ACTIVITY: Leaving the images out, output each entry below exactly.

RECORDS SHOWN:
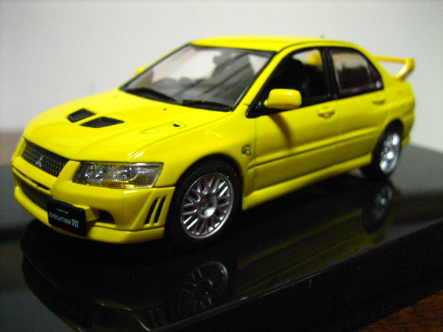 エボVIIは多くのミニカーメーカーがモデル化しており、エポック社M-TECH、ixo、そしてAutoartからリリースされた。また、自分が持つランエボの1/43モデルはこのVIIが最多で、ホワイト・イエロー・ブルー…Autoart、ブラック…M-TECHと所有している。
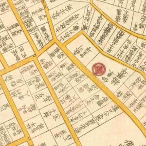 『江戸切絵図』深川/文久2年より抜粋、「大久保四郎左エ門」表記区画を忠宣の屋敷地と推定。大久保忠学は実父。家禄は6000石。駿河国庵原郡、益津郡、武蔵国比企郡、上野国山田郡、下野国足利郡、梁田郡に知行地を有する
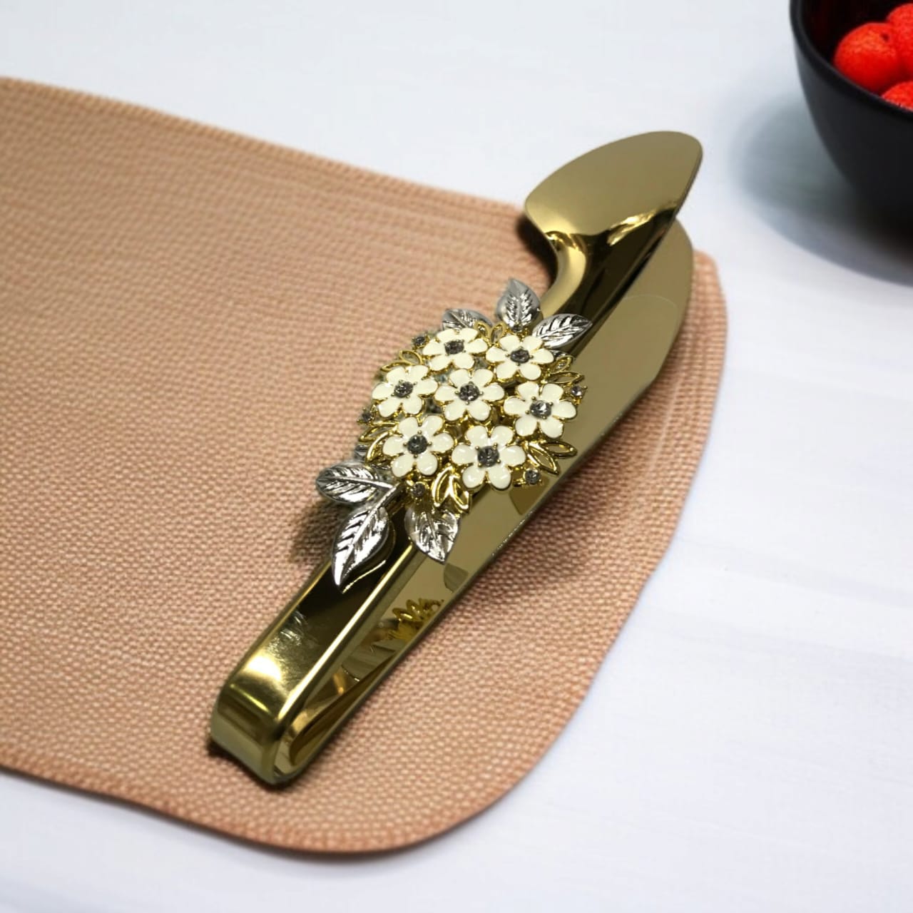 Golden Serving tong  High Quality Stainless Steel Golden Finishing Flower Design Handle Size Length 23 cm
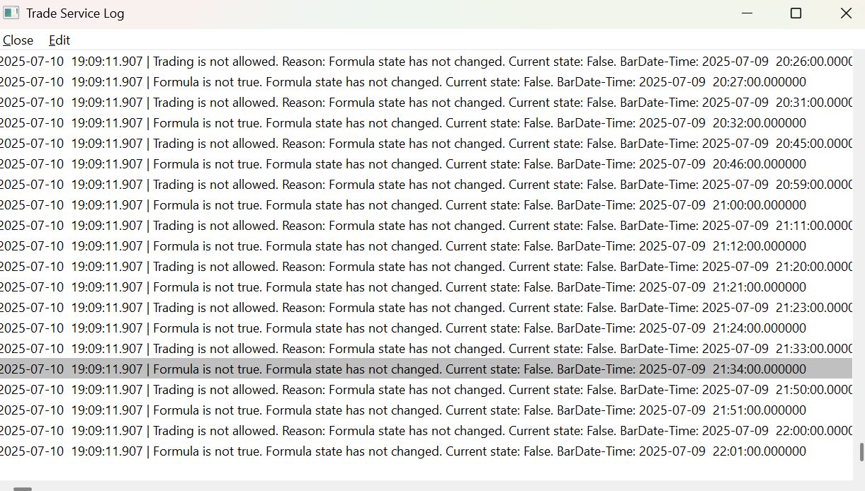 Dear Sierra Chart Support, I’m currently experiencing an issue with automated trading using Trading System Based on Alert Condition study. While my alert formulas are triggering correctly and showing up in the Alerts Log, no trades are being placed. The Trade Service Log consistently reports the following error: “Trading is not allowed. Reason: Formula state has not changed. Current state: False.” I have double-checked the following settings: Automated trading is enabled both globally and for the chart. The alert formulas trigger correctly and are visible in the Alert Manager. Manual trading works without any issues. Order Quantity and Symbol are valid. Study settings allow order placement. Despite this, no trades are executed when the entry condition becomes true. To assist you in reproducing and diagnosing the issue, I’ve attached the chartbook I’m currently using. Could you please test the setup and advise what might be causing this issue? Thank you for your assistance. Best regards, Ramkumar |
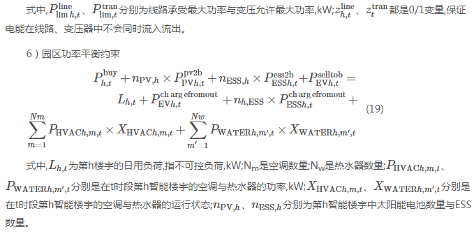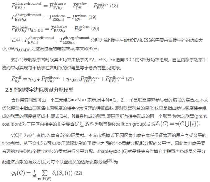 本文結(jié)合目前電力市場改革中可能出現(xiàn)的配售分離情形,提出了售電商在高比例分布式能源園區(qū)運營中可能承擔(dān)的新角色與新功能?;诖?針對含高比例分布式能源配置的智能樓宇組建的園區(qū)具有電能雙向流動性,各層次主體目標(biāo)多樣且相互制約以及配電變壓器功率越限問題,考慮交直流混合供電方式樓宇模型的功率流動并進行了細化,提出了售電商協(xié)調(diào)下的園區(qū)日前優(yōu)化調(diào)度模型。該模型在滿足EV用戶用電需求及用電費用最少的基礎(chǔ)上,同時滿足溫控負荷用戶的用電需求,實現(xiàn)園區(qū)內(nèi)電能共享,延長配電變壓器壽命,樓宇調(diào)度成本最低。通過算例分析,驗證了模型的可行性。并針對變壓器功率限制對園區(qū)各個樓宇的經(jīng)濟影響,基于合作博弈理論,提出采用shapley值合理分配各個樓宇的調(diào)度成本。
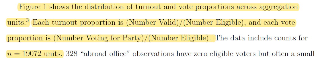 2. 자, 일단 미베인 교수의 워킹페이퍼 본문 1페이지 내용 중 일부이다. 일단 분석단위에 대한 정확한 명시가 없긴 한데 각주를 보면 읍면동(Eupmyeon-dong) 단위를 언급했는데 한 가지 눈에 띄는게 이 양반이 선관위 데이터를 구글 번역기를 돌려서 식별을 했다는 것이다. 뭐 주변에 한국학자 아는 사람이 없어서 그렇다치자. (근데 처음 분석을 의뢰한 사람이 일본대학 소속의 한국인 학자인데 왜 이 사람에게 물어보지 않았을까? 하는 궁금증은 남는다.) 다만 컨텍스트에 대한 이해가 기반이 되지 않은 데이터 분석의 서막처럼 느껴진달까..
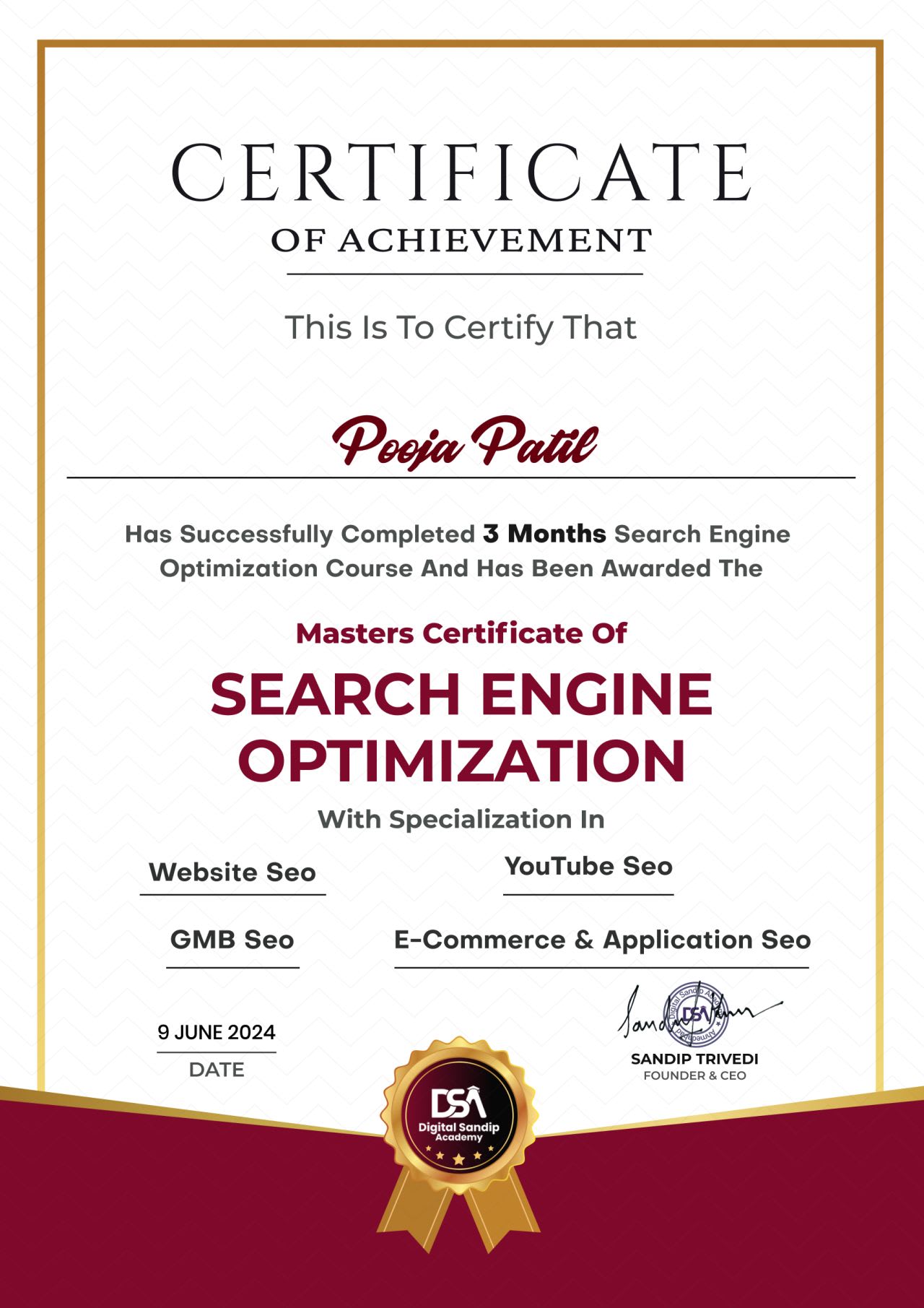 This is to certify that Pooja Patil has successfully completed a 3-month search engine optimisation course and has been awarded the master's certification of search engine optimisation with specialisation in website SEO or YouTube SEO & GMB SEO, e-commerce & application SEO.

EXERCISE SOLUTION:
 エボVIIは多くのミニカーメーカーがモデル化しており、エポック社M-TECH、ixo、そしてAutoartからリリースされた。また、自分が持つランエボの1/43モデルはこのVIIが最多で、ホワイト・イエロー・ブルー…Autoart、ブラック…M-TECHと所有している。
 『江戸切絵図』深川/文久2年より抜粋、「大久保四郎左エ門」表記区画を忠宣の屋敷地と推定。大久保忠学は実父。家禄は6000石。駿河国庵原郡、益津郡、武蔵国比企郡、上野国山田郡、下野国足利郡、梁田郡に知行地を有する
 Golden Serving tong  High Quality Stainless Steel Golden Finishing Flower Design Handle Size Length 23 cm
 Dear Sierra Chart Support, I’m currently experiencing an issue with automated trading using Trading System Based on Alert Condition study. While my alert formulas are triggering correctly and showing up in the Alerts Log, no trades are being placed. The Trade Service Log consistently reports the following error: “Trading is not allowed. Reason: Formula state has not changed. Current state: False.” I have double-checked the following settings: Automated trading is enabled both globally and for the chart. The alert formulas trigger correctly and are visible in the Alert Manager. Manual trading works without any issues. Order Quantity and Symbol are valid. Study settings allow order placement. Despite this, no trades are executed when the entry condition becomes true. To assist you in reproducing and diagnosing the issue, I’ve attached the chartbook I’m currently using. Could you please test the setup and advise what might be causing this issue? Thank you for your assistance. Best regards, Ramkumar |
 本文結(jié)合目前電力市場改革中可能出現(xiàn)的配售分離情形,提出了售電商在高比例分布式能源園區(qū)運營中可能承擔(dān)的新角色與新功能?;诖?針對含高比例分布式能源配置的智能樓宇組建的園區(qū)具有電能雙向流動性,各層次主體目標(biāo)多樣且相互制約以及配電變壓器功率越限問題,考慮交直流混合供電方式樓宇模型的功率流動并進行了細化,提出了售電商協(xié)調(diào)下的園區(qū)日前優(yōu)化調(diào)度模型。該模型在滿足EV用戶用電需求及用電費用最少的基礎(chǔ)上,同時滿足溫控負荷用戶的用電需求,實現(xiàn)園區(qū)內(nèi)電能共享,延長配電變壓器壽命,樓宇調(diào)度成本最低。通過算例分析,驗證了模型的可行性。并針對變壓器功率限制對園區(qū)各個樓宇的經(jīng)濟影響,基于合作博弈理論,提出采用shapley值合理分配各個樓宇的調(diào)度成本。
 2. 자, 일단 미베인 교수의 워킹페이퍼 본문 1페이지 내용 중 일부이다. 일단 분석단위에 대한 정확한 명시가 없긴 한데 각주를 보면 읍면동(Eupmyeon-dong) 단위를 언급했는데 한 가지 눈에 띄는게 이 양반이 선관위 데이터를 구글 번역기를 돌려서 식별을 했다는 것이다. 뭐 주변에 한국학자 아는 사람이 없어서 그렇다치자. (근데 처음 분석을 의뢰한 사람이 일본대학 소속의 한국인 학자인데 왜 이 사람에게 물어보지 않았을까? 하는 궁금증은 남는다.) 다만 컨텍스트에 대한 이해가 기반이 되지 않은 데이터 분석의 서막처럼 느껴진달까..
 This is to certify that Pooja Patil has successfully completed a 3-month search engine optimisation course and has been awarded the master's certification of search engine optimisation with specialisation in website SEO or YouTube SEO & GMB SEO, e-commerce & application SEO.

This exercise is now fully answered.